I’ll do my best to post a follow-up another day with details on emissions trading and carbon regulation, but what I want to talk about now is how the Bush administration flat out lied about what the Clear Skies initiative would have really done.

The EPA, in trumpeting Clear Skies, offers a fact sheet that says:

Clear Skies is a mandatory program that would dramatically reduce and cap emissions of sulfur dioxide (SO2), nitrogen oxides (NOX), and mercury from electric power generation to approximately 70% below 2000 levels.

This is absolutely true. But immediately afterward they claim:

Clear Skies would provide health benefits faster, more certainly and at less cost to America's consumers than would the current Clean Air Act.
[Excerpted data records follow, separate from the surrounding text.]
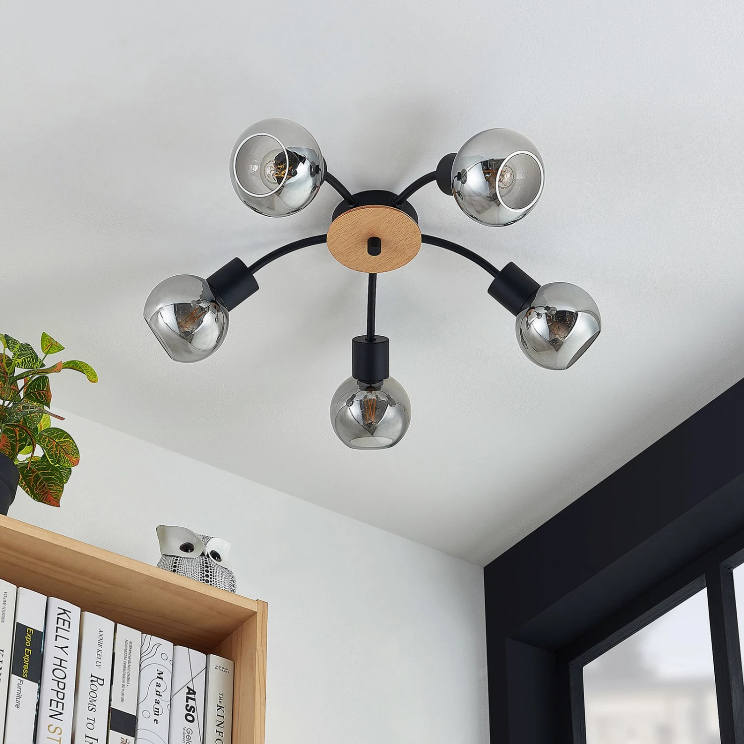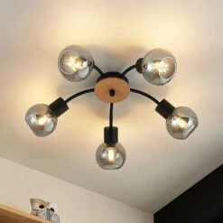Ce plafonnier aux formes élégantes crée une atmosphère agréable et un éclairage idéal dans votre maison. Le modèle Eridia peut être modulé en fonction de l’humeur de chacun à l’aide d’un variateur externe et crée une belle ambiance grâce à sa lumière blanc chaud. Le plafonnier convainc en noir, bois clair et verre fumé. Que ce soit dans la salle à manger ou dans le salon, ce luminaire fait vraiment bonne figure chez soi. Le modèle Eridia est équipé de cinq ampoules comprises dans la livraison. Il peut également séduire par son design moderne et dispose d’une douille E14. Toutes les qualités et les points forts de la marque Lindby sont réunis dans ce plafonnier. Le plafonnier a une forme particulière et peut également servir d’élément décoratif lorsqu’il est éteint.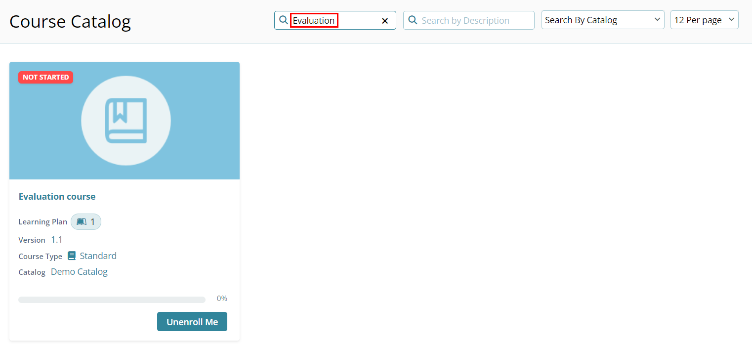 - To search for a course by its description, enter the course description in the Search By Description search box.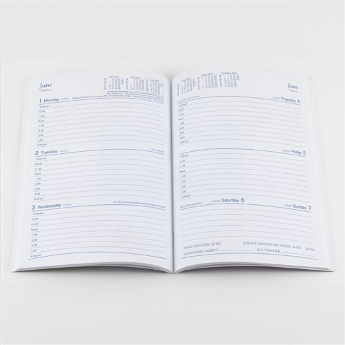 • The range is available as an A5 Week to View Student Diary (spiral or perfect bound) and practical A4 and A5 wire weekly notebook.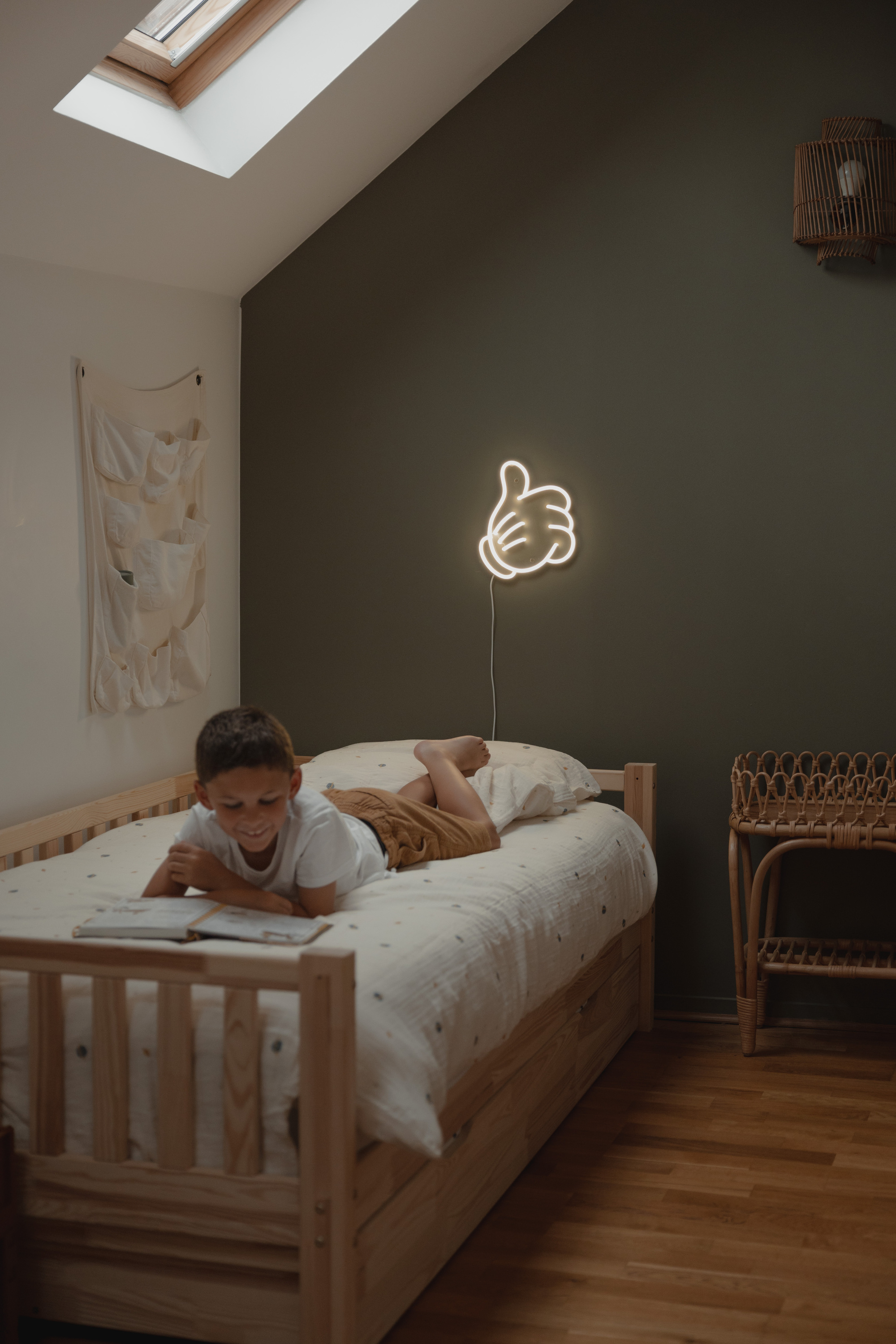 Bring a bit of Disney magic to your space with the Mickey Mouse Glove Thumbs Up (Small) LED neon sign by Yellowpop. Designed in collaboration with Disney, this playful white LED sign features Mickey’s iconic glove giving a cheerful thumbs up—instantly adding nostalgia, personality, and charm to any room. Whether it’s for a bedroom, office, or creative space, it’s the perfect way to showcase your love for an enduring classic.

Except perhaps for “at less cost,” the above is completely false. There’s a table in the above fact sheet that shows the proposed pollution limits under Clear Skies, but in order to assess Clear Skies against the Clean Air Act, you need to see that table amended to include both pieces of legislation:

  Actual Emissions in 2000 Clear Skies Emissions Caps Total Reduction
First Phase of Reductions Second Phase of Reductions (optional)
SO2 11.2 million tons 4.5 million tons in 2010 3 million tons in 2018* 73%
NOx 5.1 million tons 2.1 million tons in 2008 1.7 million tons in 2018 67%
  Actual Emissions in 2000 Clean Air Act Emissions Caps Total Reduction
SO2 11.2 million tons 2 million tons in 2012 82%
NOx 5.1 million tons 1.25 million tons in 2010 75%

The above is adapted from the tables on the EPA Clear Skies “fact”sheet and at Clean the Air. One thing you might notice is that the current limits under the Clean Air Act are stricter and will go into effect several years sooner than the second phase of cuts under Clear Skies would have. Another is that the second phase of reductions under Clear Skies (the ones cited by the EPA for their deceptive claims about Clear Skies) is optional.
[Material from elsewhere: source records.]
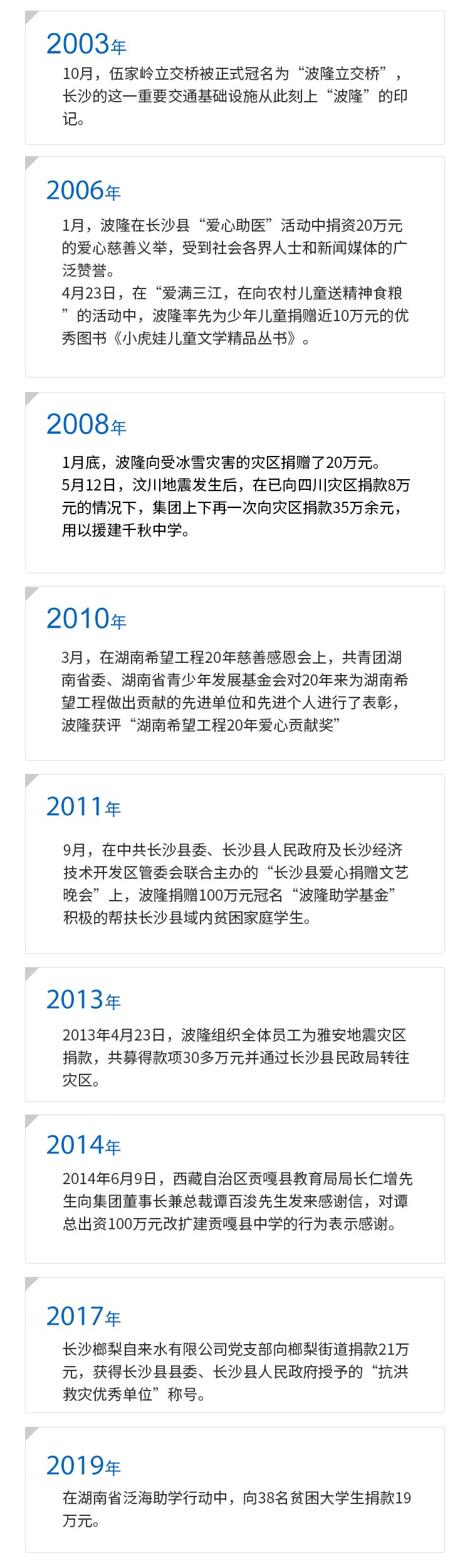 從創業生存到百花齊放,從企業的本能生長到高速發展,再到全面升級,波隆始終與時代共進步。基于企業公民精神,波隆致力于讓更多的人共享美好生活,持續投身公益活動,將愛心與善意向社會傳遞。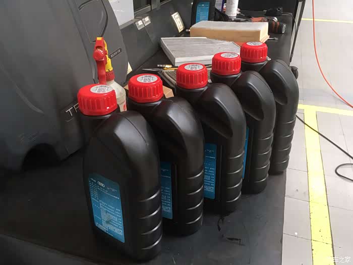 看到我保养用的机油了吗?5桶1升装的,为什么不用1桶大的加1桶小的?这里告诉大家一个秘密,大桶和小桶机油的供应商有可能不是同一个厂家。虽说都是奥迪认证的机油,混着加也问题不大,但是主人不允许我受任何委屈,所以专门挑了同一个供货商的机油,每次保养都这样,我这种强迫症挑不出任何毛病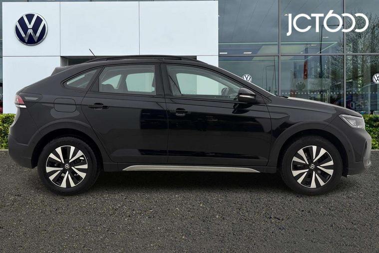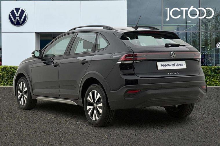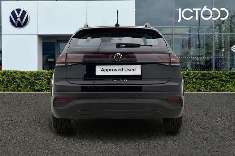 App-Connect including App-Connect Wireless, Driver alert system, e-Call (emergency call), Power Steering, Travel assist including emergency assist, Washer fluid level indicator, Wireless Charging including Bluetooth, Start-stop system with battery regeneration (recuperation - energy recovery during braking), Digital radio reception (DAB+), Diversity antenna for FM reception, WeConnect plus, Ambient lighting with logo projection, Aspherical driver's exterior mirror, Auto headlights, Body coloured bumpers, Body coloured exterior mirror housings and door handles, Electric windows, External USB type C socket and charging sockets, Front fog lamps with cornering function, Headlight range control, Heat insulating glass windscreen, LED headlamps, LED rear combination lamp, LED third brake light, Left convex exterior mirror, Power folding adjustable/heated exterior mirrors and front passenger exterior mirror lowering function, Rear fog light on one side, reversing light on both sides, Rear side wing doors, Rear wash/wipe with intermittent wipe setting, 'Slash/ Austin' Cloth upholstery, 12V socket in centre console, 2 front reading lights, 3 rear head restraints, 3 seat bench in 2nd row, Black carpets, Child seat anchor for child seat system i-Size, 2x top tether and child seat anchor in front on front passenger side, Door and side trim panels in titan black, Driver and front passenger seat height adjustment, Front centre armrest, Handbrake lever handle in leather, Height and reach adjustable steering wheel, Leather trimmed gear knob, Leather wrapped multifunction steering wheel, Luggage compartment floor, Luggage compartment light, Lumbar support for driver's and front passengers seat, Seat covers in titanium black, Single front passenger seat, Split folding backrest with centre armrest and unsplit rear seat bench, Storage compartment under front seats, Sun visors with illuminated vanity mirrors, Chrome Package - Taigo, Drivers assistance pack - Taigo, Light and Sight pack including High beam assist - Taigo, 2 x 3-point seatbelts/outer rear seats with ECE label, 3-point seat belts in front with pretensioner and height adjustment, 3-point seatbelt for centre rear seat, Driver and front passenger airbags with front passenger airbag de-activation, front side and curtain airbags, Driver and front passenger safety-optimised head restraints, Electronic stability control, Extended and predictive pedestrian/ cyclist protection, Front and rear disc brakes, Front curtain and side airbags with center airbag, Hill start assist, Manual rear child locks, Single tone horn, Tyre pressure loss indicator, Anti-theft alarm system with interior monitoring, backup horn, and towing protection, Anti-theft wheel bolts, Lava stone black gloss/matt decorative inserts in dash and front door panels, Low rolling resistance tyres,

Recently, only a couple days after the Clear Skies initiative failed in committee, the EPA promulgated its own new set of pollution limits. Unfortunately, I haven’t found any specific numbers as to how these new limits compare to those established under the Clean Air Act, and every article I’ve seen lists them only as percentages of 2003 levels, which only further confuses things. Until I know better though, precedent dictates that I should assume these levels are less strict than the previous limits, and that the use of yet another base year is an attempt to deceive the public into thinking that these rules represent positive environmental change.

Terrific comparison, Chris.

Terrific comparison, Chris. Thank you.